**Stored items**
==========

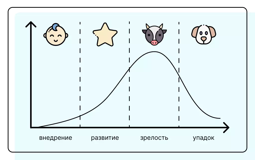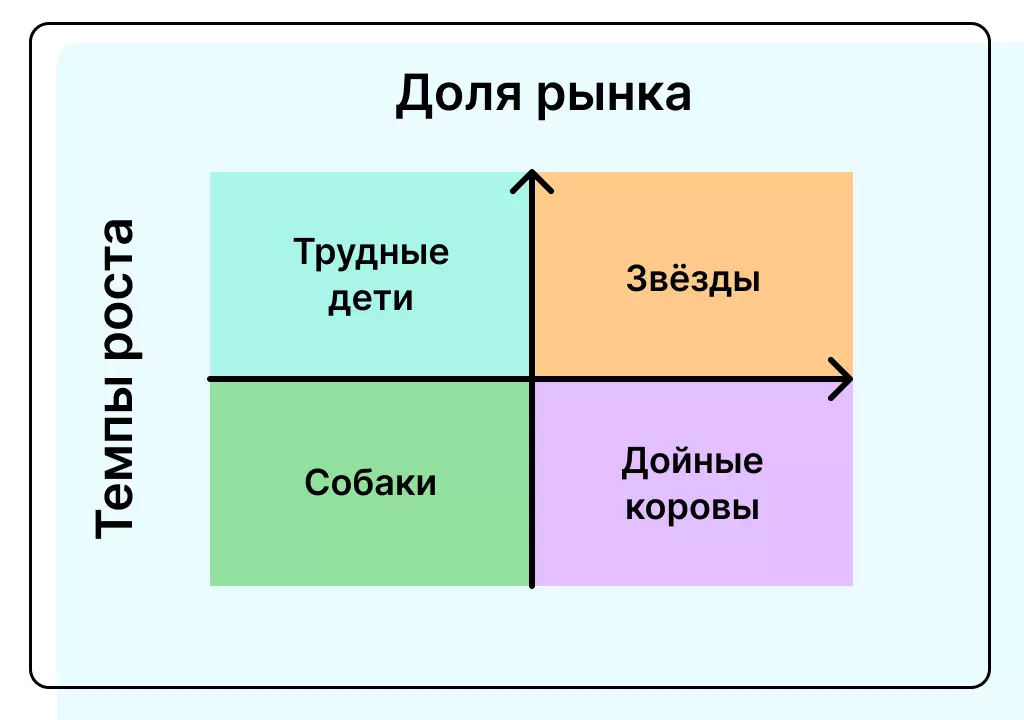Матрица БКГ используется в маркетинге для поиска перспективных сфер развития, представляет таблицу, которая включает четыре раздела: “дойные коровы”, “звезды”, “собаки”, “проблемные дети”. Сегменты matrix сопоставимы с этапами жизненного цикла продукта. Каждый товар находится в движении по секторам: превращается либо в “дойную корову”, либо “собаку”.
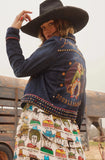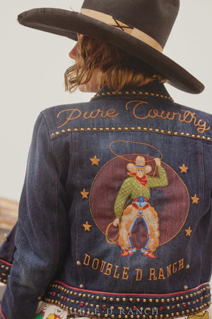 The distressed dark denim dazzles with eye-catching embroidery, statement studding with gemstone embellishments, and custom concho buttons. It’s the classic style you love in a jean jacket, but dripping with cowgirl charm.
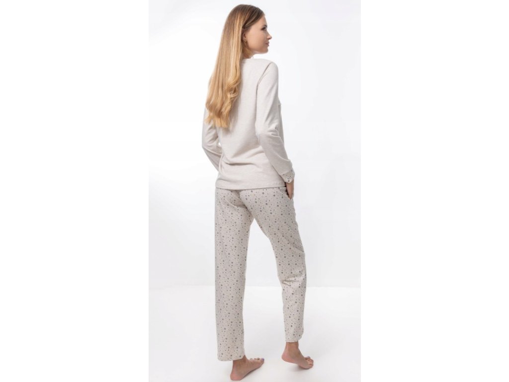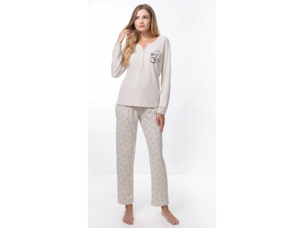 Dámské pyžamo s jemným vzorem na kalhotách rovného střihu. Vrchní díl zdobí tři malé knoflíky a decentní obrázek na přední straně, který dodává pyžamu půvabný a ženský vzhled.
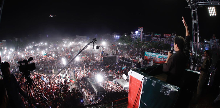 عمران خان کا کہنا تھا کہ میں نیا پاکستان بنتے دیکھ رہا ہوں حقیقی آزادی کیلئے میری قوم میرے ساتھ نکل رہی ہے، خوشی ہے صرف نوجوان نہیں بزرگ، خواتین اور بچے بھی نکل رہے ہیں، فیصل آباد! کیا میں جب اسلام آباد کی کال دوں گا تو آپ لوگ تیار ہیں؟، مخالفین کہتے ہیں گرمی بہت ہے لوگ نہیں نکلیں گے۔
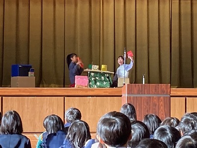 体育館で終業式を行いました。その中で、児童会役員のみなさんが劇をしながら、冬休みの生活について注意してほしいことを2つ伝えてくれました。

==========

**WHAT TO DO**
Please return the entries above exactly as they appear, but without the pictures.

**ANSWER BELOW**
Матрица БКГ используется в маркетинге для поиска перспективных сфер развития, представляет таблицу, которая включает четыре раздела: “дойные коровы”, “звезды”, “собаки”, “проблемные дети”. Сегменты matrix сопоставимы с этапами жизненного цикла продукта. Каждый товар находится в движении по секторам: превращается либо в “дойную корову”, либо “собаку”.
 The distressed dark denim dazzles with eye-catching embroidery, statement studding with gemstone embellishments, and custom concho buttons. It’s the classic style you love in a jean jacket, but dripping with cowgirl charm.
 Dámské pyžamo s jemným vzorem na kalhotách rovného střihu. Vrchní díl zdobí tři malé knoflíky a decentní obrázek na přední straně, který dodává pyžamu půvabný a ženský vzhled.
 عمران خان کا کہنا تھا کہ میں نیا پاکستان بنتے دیکھ رہا ہوں حقیقی آزادی کیلئے میری قوم میرے ساتھ نکل رہی ہے، خوشی ہے صرف نوجوان نہیں بزرگ، خواتین اور بچے بھی نکل رہے ہیں، فیصل آباد! کیا میں جب اسلام آباد کی کال دوں گا تو آپ لوگ تیار ہیں؟، مخالفین کہتے ہیں گرمی بہت ہے لوگ نہیں نکلیں گے۔
 体育館で終業式を行いました。その中で、児童会役員のみなさんが劇をしながら、冬休みの生活について注意してほしいことを2つ伝えてくれました。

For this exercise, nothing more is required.